Comparative Investigation of SNEDDS with Marketed Tablets and Pure Drug in Terms of Dissolution Profile

This investigation was carried out with pure rosuvastatin, SNEDDS and marketed formulation (Rosufine 20 with batch no. C-90061) in “USP Type-II dissolution assembly (Distek, USA) with 900 mL of 0.05M sodium citrate dissolution media of pH 6.6±0.05 at 50 rpm as specified by USFDA dissolution database“. A cellulose membrane dialysis sac (MWCO 12,000 g/mole; Sigma-Aldrich) was filled with equivalent volume of rosuvastatin-loaded optimized SNEDDS, marketed tablets and pure drug (rosuvastatin equivalent to 20 mg).
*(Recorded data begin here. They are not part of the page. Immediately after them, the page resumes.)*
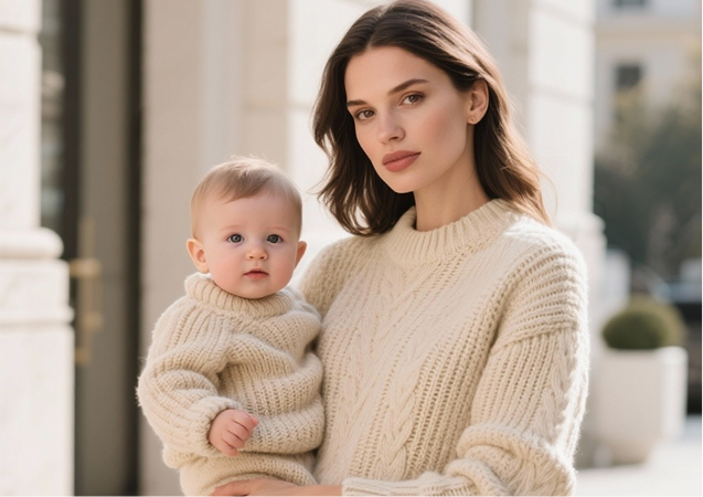 Thoughtfully designed cuts and premium materials embrace your silhouette, giving you a natural sense of comfort and confidence. Paired with matching outfits for your child, you’ll both look effortlessly beautiful together.Here, the focus is particularly on materials of natural origin.
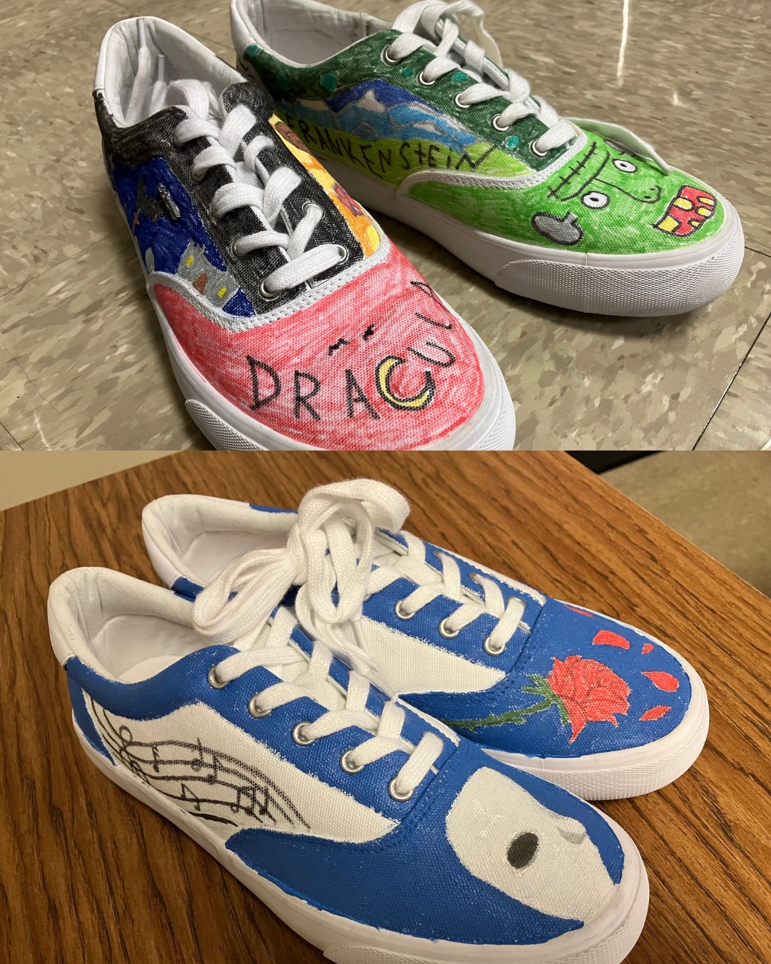 Through symbolic colors, imagery, and scenes, the shoes reflected key ideas such as duality, darkness, and transformation. The project offered students a unique way to connect with classic literature—blending creativity with deeper analysis in a memorable, hands-on way.
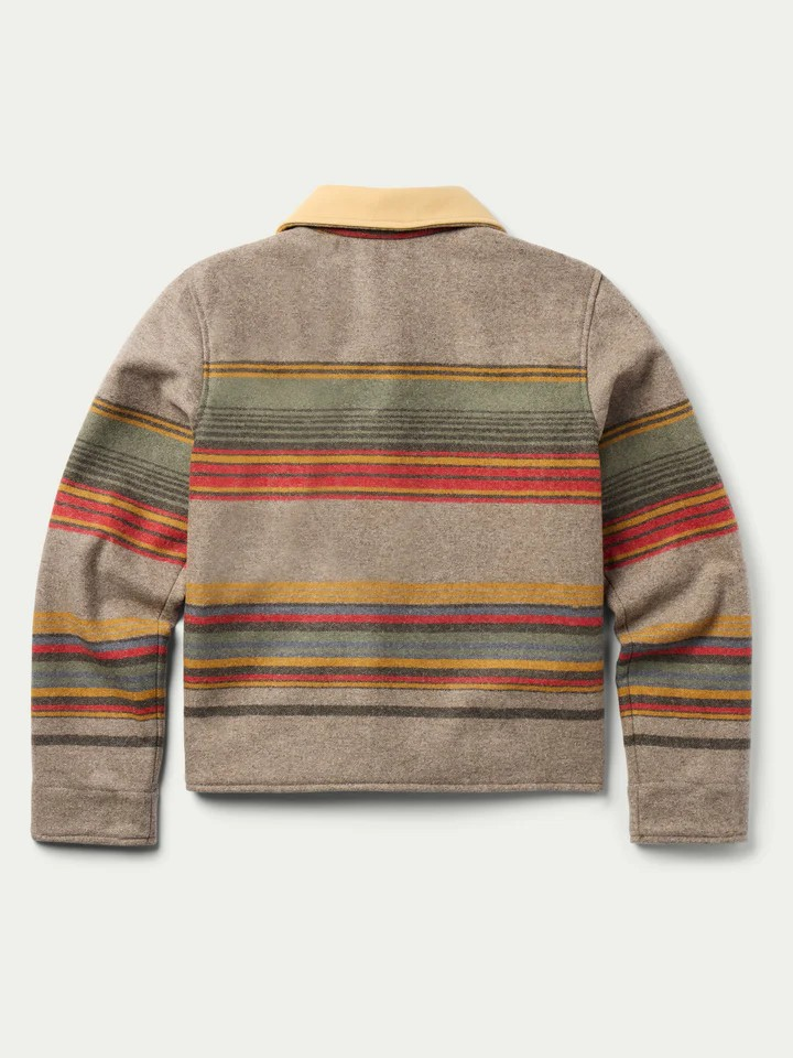 Inspired by vintage textiles of the southwest, the Women's Las Cruces Jacket is crafted from our signature 22oz Legacy Melton Wool and finished with a lamb suede collar. The center front closes with detailed antique silver concho buttons for a truly unique feel.
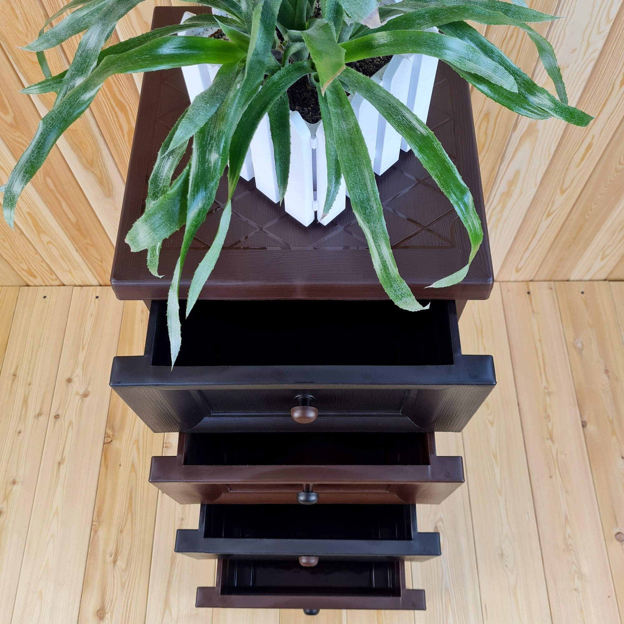 Комод пластиковый ,"УЮТ", усиленный, 4 этажа, Цвет: Коричневый с шоколадными сплошными ящиками.

These formulations were placed at the bottom of the vessels using a suitable sinker. On the basis of already established time intervals, 5 mL aliquots were collected and examined for drug release utilizing UV spectrophotometer.39

Dynamic in vitro Lipolysis Study for Investigation of Food Impact

The literature database confirmed that SNEDDS avoids food impact on the formulation by using drug release. For demonstrating this hypothesis, the dissolution of optimized SNEDDS was carried out in modified Fasted/Fed state simulated intestinal fluid V-2 (Fa/FeSSIF V-2) media to simulate an in vivo environment.

It is fundamental for superlative experimental relevance to perform in vitro examination of the drug to mirror in vivo condition as eagerly as could rationally be predicted. This examination is essential for two explicit justifications. Initially, measurement of level and rate of lipolysis that helps to investigate solubility and dispersion features of formulation. The second one is the analysis of post lipolysis to predict solubilized or precipitated form of the drug after completing the reaction. This model can reliably predict the limit of these preparations to improve oral retention of drugs with low solubility in the aqueous phase.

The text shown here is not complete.